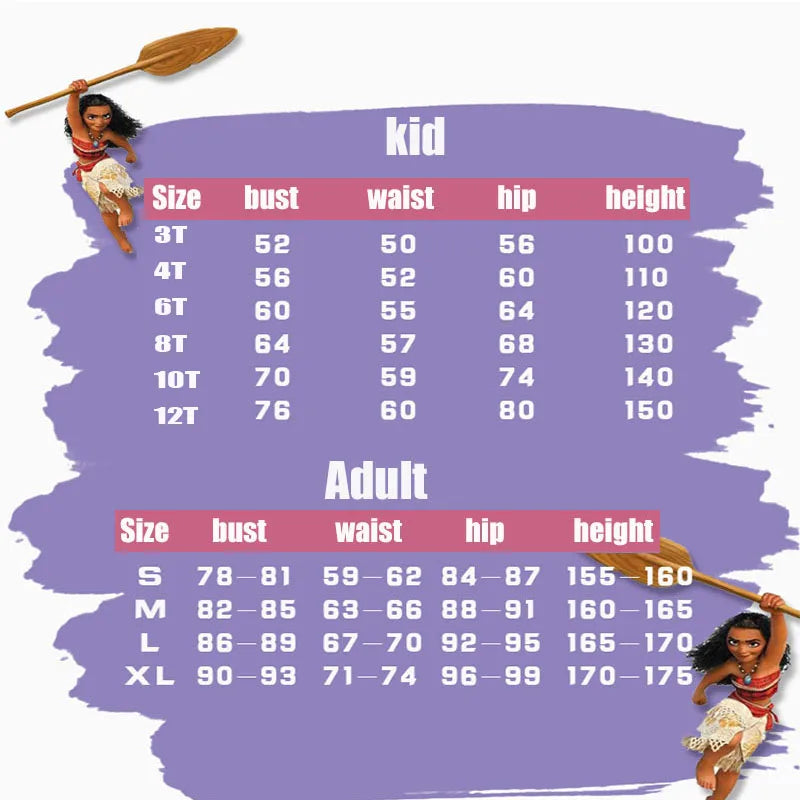 طقم زي تنكري لشخصية موانا (Vaiana) للأطفال – يشمل الفستان، القلادة، والباروكة | مثالي للهالوين والحفلات التنكرية
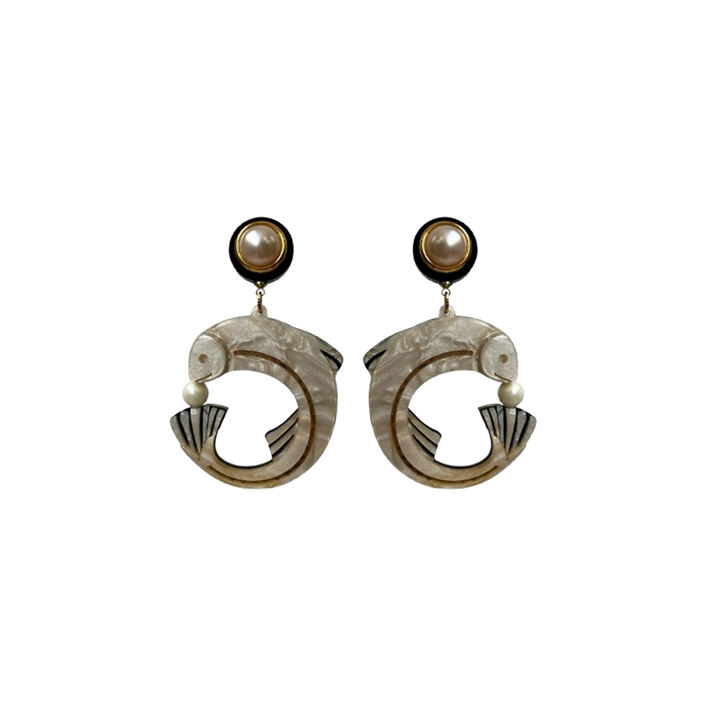 Brinco feito de acrílico, modelo articulado, com pérola shell, com aplicação de corrente, pino de brinco e metais com acabamento dourado. Feito a mão por artesãos brasileiros.
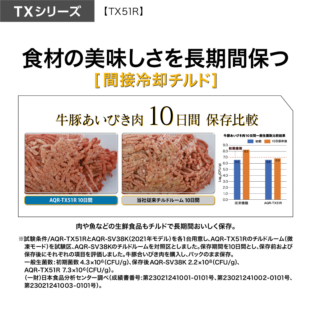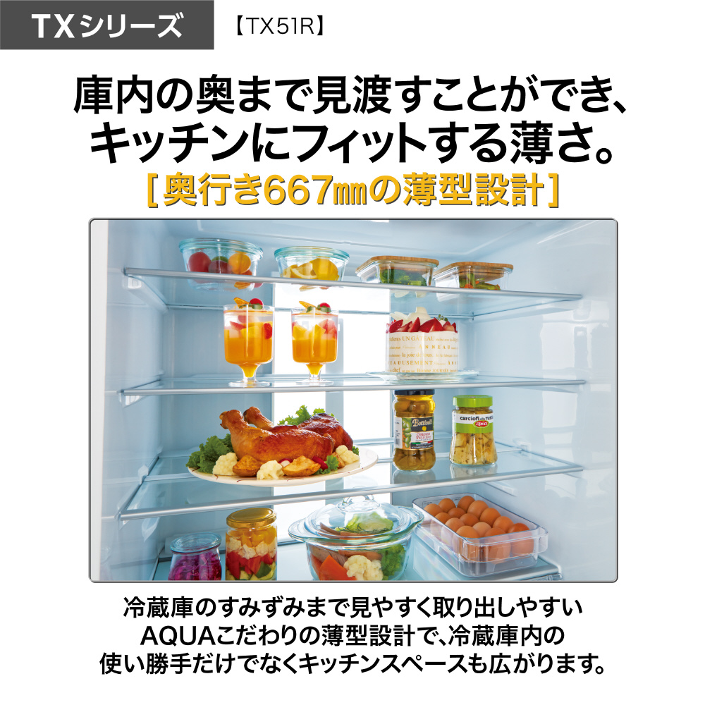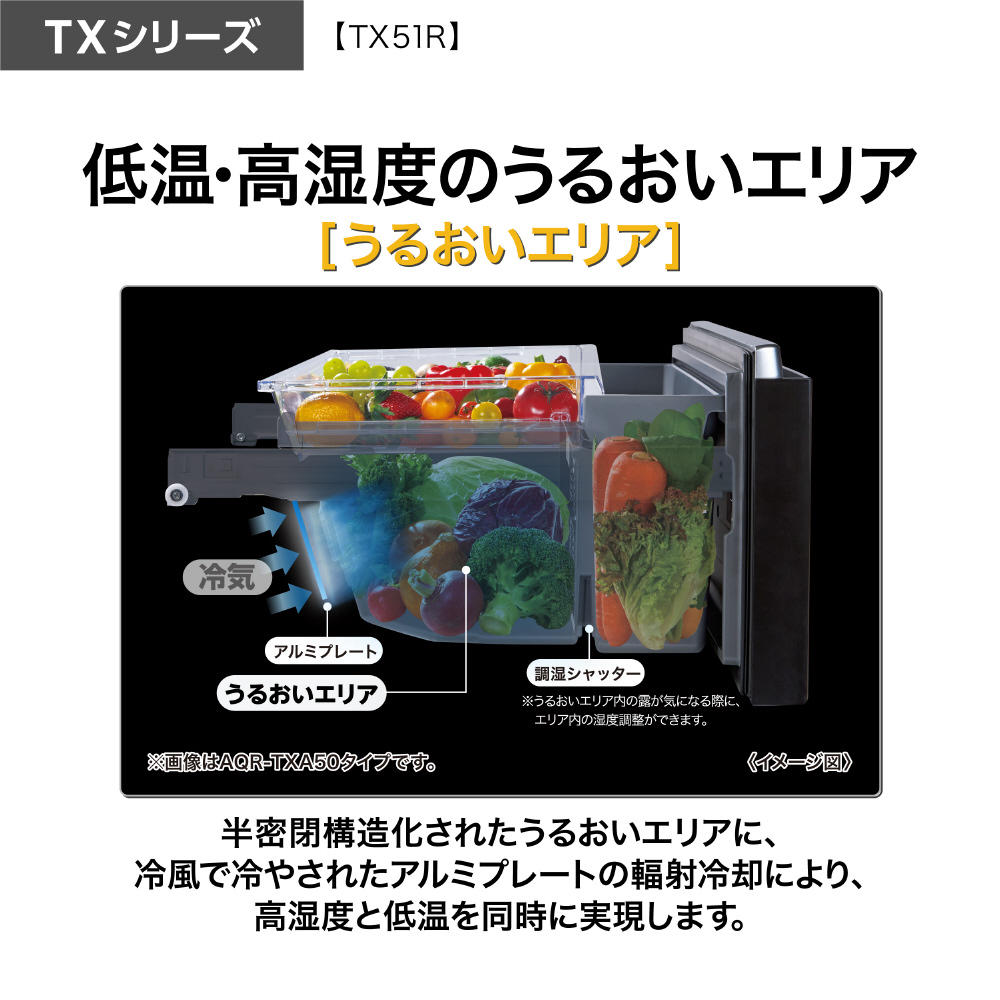 冷蔵庫 ラスティックホワイト AQR-TX51R(W) [幅70cm /506L /5ドア /観音開きタイプ /2025年] 【基本設置料金セット】 【買い替え10000pt】
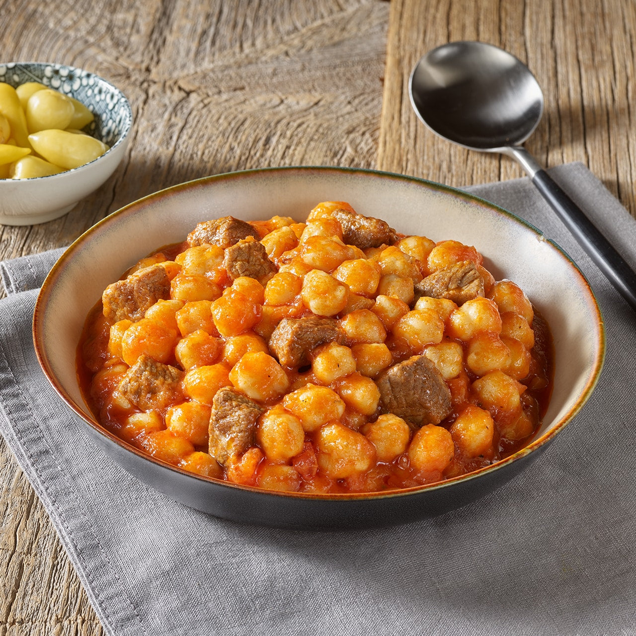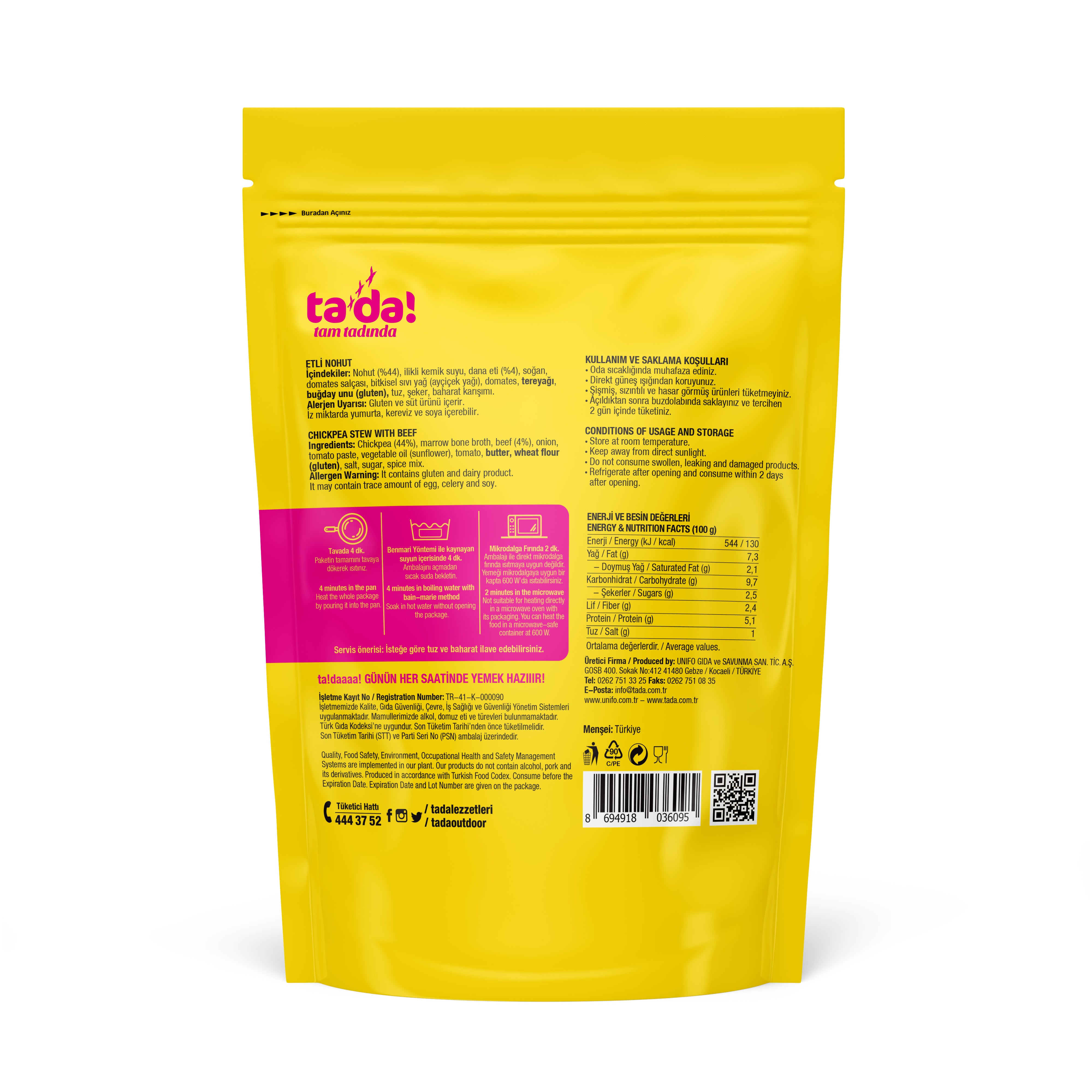 İçindekiler : Nohut (%44), ilikli kemik suyu, dana eti (%4), soğan, domates salçası, bitkisel sıvı yağ (ayçiçek yağı), domates, tereyağı, buğday unu, tuz, şeker, baharat karışımı.
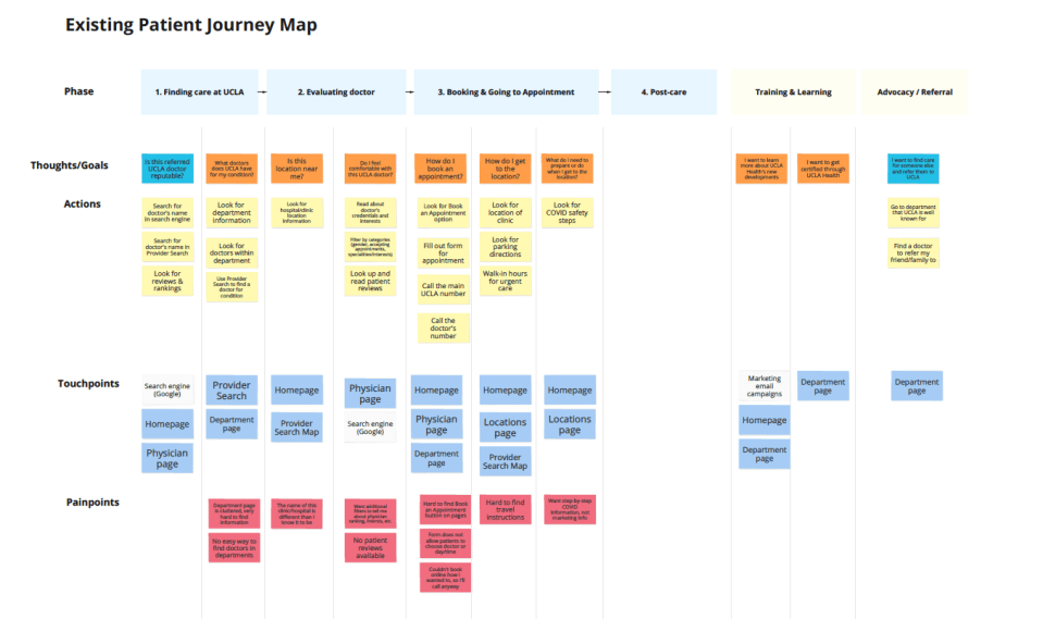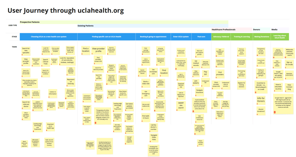 I conducted 12 stakeholder interviews with members of the UCLA Health marketing department, as well as 9 user interviews, and a survey of 55 LA residents to learn about current and prospective UCLA Health patient pain points of the current website:
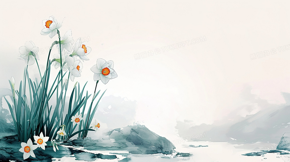 本作品内容为水仙花装饰水墨插画, 格式为 jpg, 大小2 MB, 图片尺寸为2912 x 1632, 源文件无水印, 欢迎使用熊猫办公。 如认为平台内容涉嫌侵权,可通过邮件:tousu@tukuppt.com提出书面通知,我们将及时处理。
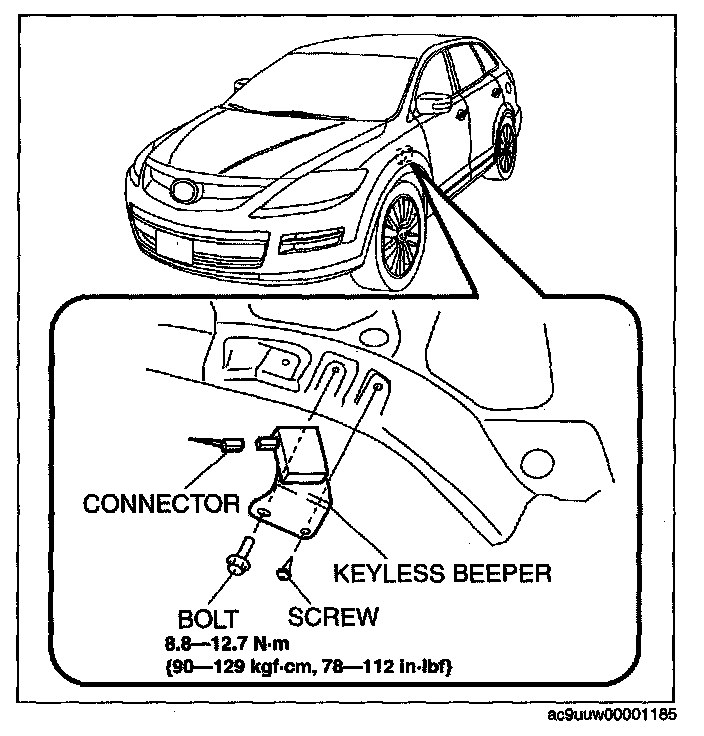 KEYLESS BEEPER REMOVAL/INSTALLATION [ADVANCED KEYLESS SYSTEM]1. Disconnect the negative battery cable.
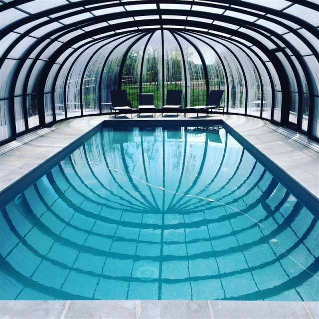 En commun piscine chauffée couverte, jardin d'hiver avec sauna, espace barbecue, terrain de pétanque.
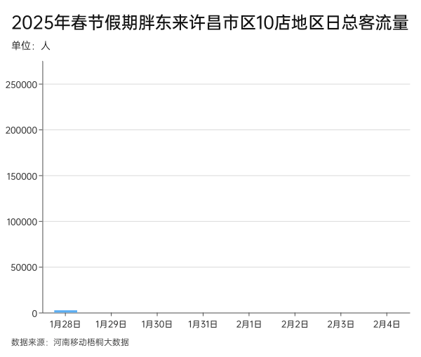 河南移動梧桐大數據顯示,2月2日至4日,胖東來許昌市區(qū)10店地區(qū)日均總客流量為假期前五天的3倍多。
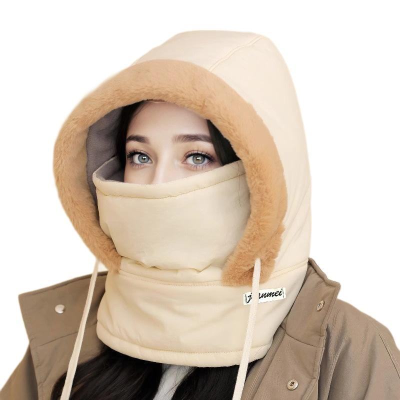 Masque de Ski Snowboard en soie d'hiver pour femme doublé en polaire avec protection auditive chaude intégrée Cou Lei Feng Chapeau pour adultes
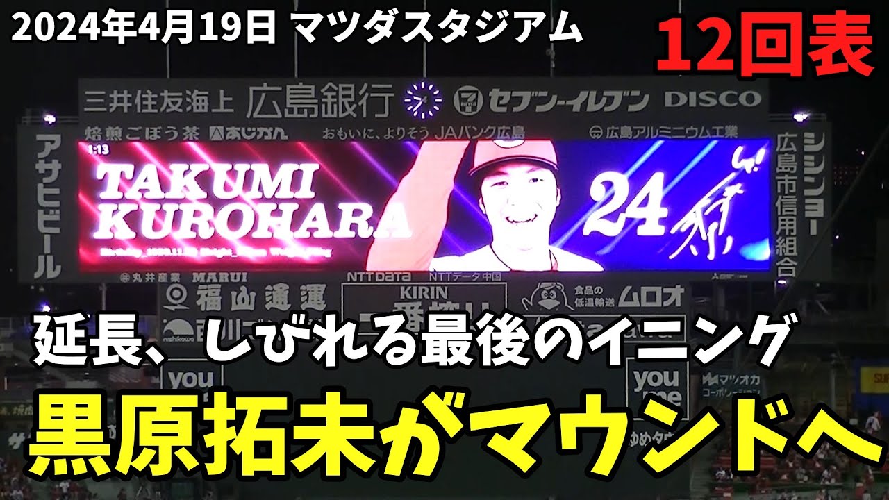 【現地撮影映像】延長12回表。しびれる展開、しびれる場面でマウンドを託されたのは黒原拓未。ランナーを出すも、見事に抑えきる! 2024年4月19日 vs 巨人
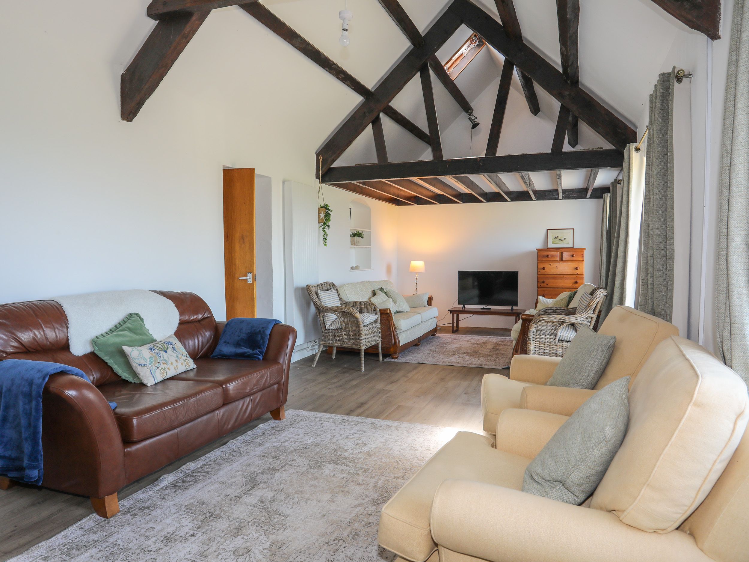 Accomodation Details Five bedrooms: 1 x ground-floor king-size, 1 x ground floor double, 1 x ground-floor single with truckle, 1x first floor king, 1 x first floor twin. Bathroom with bath, walk-in shower, basin, heated towel rail, WC. Shower room with walk-in shower, basin, WC. Kitchen/diner. Utility. Sitting room with woodburning stove and Smart TV. Conservatory. Snug with TV

# Task
Your copy must reproduce the entries above in full, without their pictures.

# Exercise output
 طقم زي تنكري لشخصية موانا (Vaiana) للأطفال – يشمل الفستان، القلادة، والباروكة | مثالي للهالوين والحفلات التنكرية
 Brinco feito de acrílico, modelo articulado, com pérola shell, com aplicação de corrente, pino de brinco e metais com acabamento dourado. Feito a mão por artesãos brasileiros.
 冷蔵庫 ラスティックホワイト AQR-TX51R(W) [幅70cm /506L /5ドア /観音開きタイプ /2025年] 【基本設置料金セット】 【買い替え10000pt】
 İçindekiler : Nohut (%44), ilikli kemik suyu, dana eti (%4), soğan, domates salçası, bitkisel sıvı yağ (ayçiçek yağı), domates, tereyağı, buğday unu, tuz, şeker, baharat karışımı.
 I conducted 12 stakeholder interviews with members of the UCLA Health marketing department, as well as 9 user interviews, and a survey of 55 LA residents to learn about current and prospective UCLA Health patient pain points of the current website:
 本作品内容为水仙花装饰水墨插画, 格式为 jpg, 大小2 MB, 图片尺寸为2912 x 1632, 源文件无水印, 欢迎使用熊猫办公。 如认为平台内容涉嫌侵权,可通过邮件:tousu@tukuppt.com提出书面通知,我们将及时处理。
 KEYLESS BEEPER REMOVAL/INSTALLATION [ADVANCED KEYLESS SYSTEM]1. Disconnect the negative battery cable.
 En commun piscine chauffée couverte, jardin d'hiver avec sauna, espace barbecue, terrain de pétanque.
 河南移動梧桐大數據顯示,2月2日至4日,胖東來許昌市區(qū)10店地區(qū)日均總客流量為假期前五天的3倍多。
 Masque de Ski Snowboard en soie d'hiver pour femme doublé en polaire avec protection auditive chaude intégrée Cou Lei Feng Chapeau pour adultes
 【現地撮影映像】延長12回表。しびれる展開、しびれる場面でマウンドを託されたのは黒原拓未。ランナーを出すも、見事に抑えきる! 2024年4月19日 vs 巨人
 Accomodation Details Five bedrooms: 1 x ground-floor king-size, 1 x ground floor double, 1 x ground-floor single with truckle, 1x first floor king, 1 x first floor twin. Bathroom with bath, walk-in shower, basin, heated towel rail, WC. Shower room with walk-in shower, basin, WC. Kitchen/diner. Utility. Sitting room with woodburning stove and Smart TV. Conservatory. Snug with TV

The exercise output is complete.